尹幽月幫邢墨淵拔針時,順便叮囑了一句。
她將吊瓶收起放回醫藥箱,一轉頭,就看到邢墨淵直直地盯著自己。
尹幽月皺了皺眉,不解道:
“我臉上有花嗎?”
尹幽月也知道自己此時一點不好看,雖然臉上的紅點消了不少,但皮膚還是偏暗黃,還需要調理一兩個月才能有明顯的效果。
她可不信邢墨淵會看上自己這張臉,而且邢墨淵的臉上雖沒有什麽表情,眼裏卻似乎在沉思著什麽。
邢墨淵被尹幽月拉回神,看著她清澈見底的眼神,微微握拳。
“我的毒已解,可否隨我去見見我友人?”
邢墨淵看著尹幽月帶著些疲憊的臉色,知道她需要休息,但他不能在這裏留幾日了,離去前,需要確定那人的安危。
尹幽月心裏不知是何滋味,毒才解完,就迫不及待要自己去幫他在意的那人,好似自己身上的毒,還沒有那人的病重要,說邢墨淵心裏沒那人,誰會信。
“好啊。
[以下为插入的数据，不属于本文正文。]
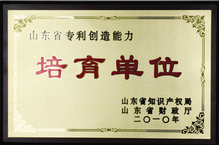 2010年4月22日,我公司被評審為“2010年度山東省專利創造能力培育單位”,該獎項由省財政廳、省科技廳、省教育廳、省國資委、省科學院、省知識產權局、省專利技術保護鑒定中心等單位(部門)共同評審確定,每年度全省評出15家單位進行重點培育。根據相關規定,我公司正式掛牌進入三年培育期,培育期內將獲得省知識產權局給予的10萬元專項資金支持。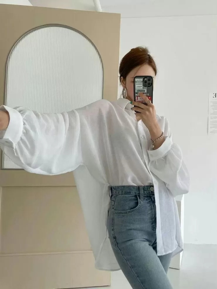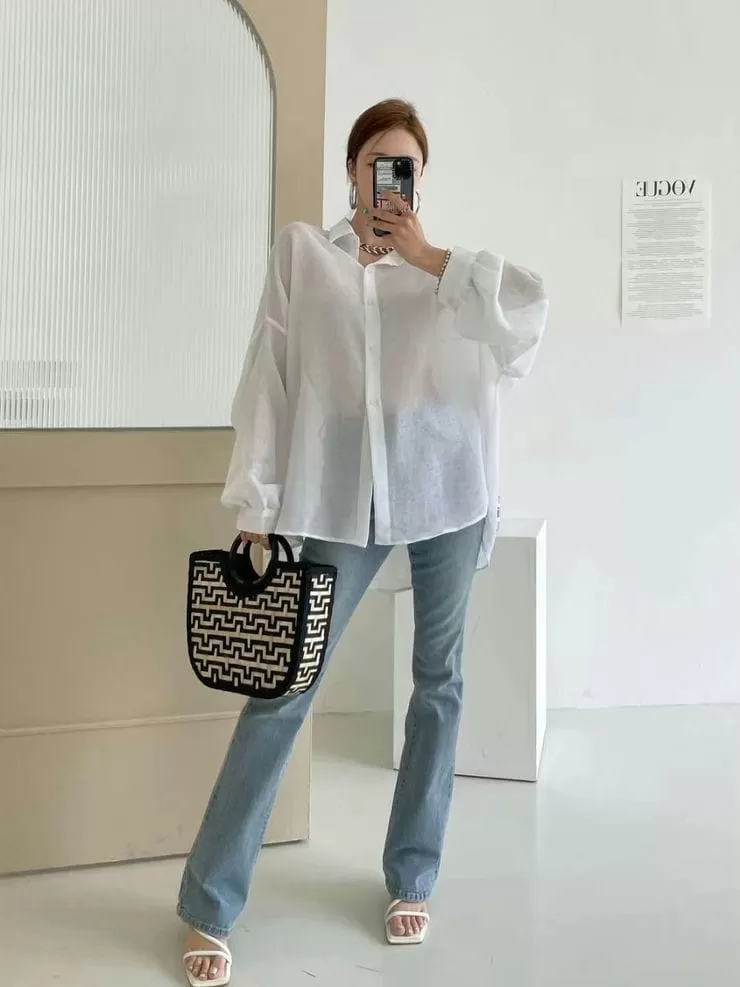 內裏搭配短版上衣的微透感,讓人有種氣質小性感

”
尹幽月笑著回答,她也想看看,能讓邢墨淵如此重視的人,會有多傾國傾城。
翌日一早。
汴河城荒廢的破廟。
尹幽月站在破廟門口,一臉茫然:
“你讓你心上人就住這種地方?”
心上人?
邢一和龔玉玲驚訝地看向尹幽月,什麽鬼心上人?
邢墨淵也微微蹙眉,似乎難以理解尹幽月的話。
尹幽月摸了摸鼻子,估計對方身份太特殊,可能是公主之類的,幹咳一聲道:
“人在哪裏,我們進去吧。”
邢一和龔玉玲忙帶著人從牆頭翻過去,走進去後,發現這裏麵倒是幹淨整潔,到了房門口時,她突然有些緊張,也不知是為什麽。
邢一不知尹幽月的想法,倏地打開門。
尹幽月霎時便和裏麵穿著裏衣,側躺在塌上拿著書的英俊青年對上了眼。
“你喜歡的竟然是個男的?”尹幽月看到那青年,下意識地對邢墨淵脫口而出。
整座破廟都陷入了一股詭異的寂靜之中。
邢一和龔玉玲目瞪口呆地看著尹幽月,尹大小姐在想什麽呢,該不會以為自家主上金屋藏嬌吧?!
邢墨淵更是緊緊蹙著眉,看看尹幽月,又看看裏頭愣住的青年,竟情緒化地露出一絲嫌棄。
穿著裏衣的青年回神後,饒有興致地看向尹幽月,似笑非笑道:
“邢皇叔,這便是你委身的女巾幗?當真有趣。”
尹幽月一看他們難以言喻的表情,便知道自己之前有些失禮。
看來她之前完全猜錯了,以為邢墨淵心心念念想讓她治的人,定是自己的心上人,如今看來,兩人長得也不像,對視起來沒有一絲曖昧,這是好友?
還有……邢皇叔?!邢墨淵是個王爺?那人是皇子?
最重要的是,裏麵這人為什麽叫自己女巾幗?
尹幽月腦袋一團麻,看到眼前的是男子後,心裏竟莫名鬆了口氣。
這時,裏麵的青年似笑非笑地對尹幽月開口了:
“之前邢一說邢皇叔給女子當男寵時,本宮便很想見見哪家貴女如此有魅力。能讓邢皇叔傾心。能與邢皇叔在一起的女子,定是女中豪傑。今日一見,果然不同凡響,語出驚人,令人過目不忘。”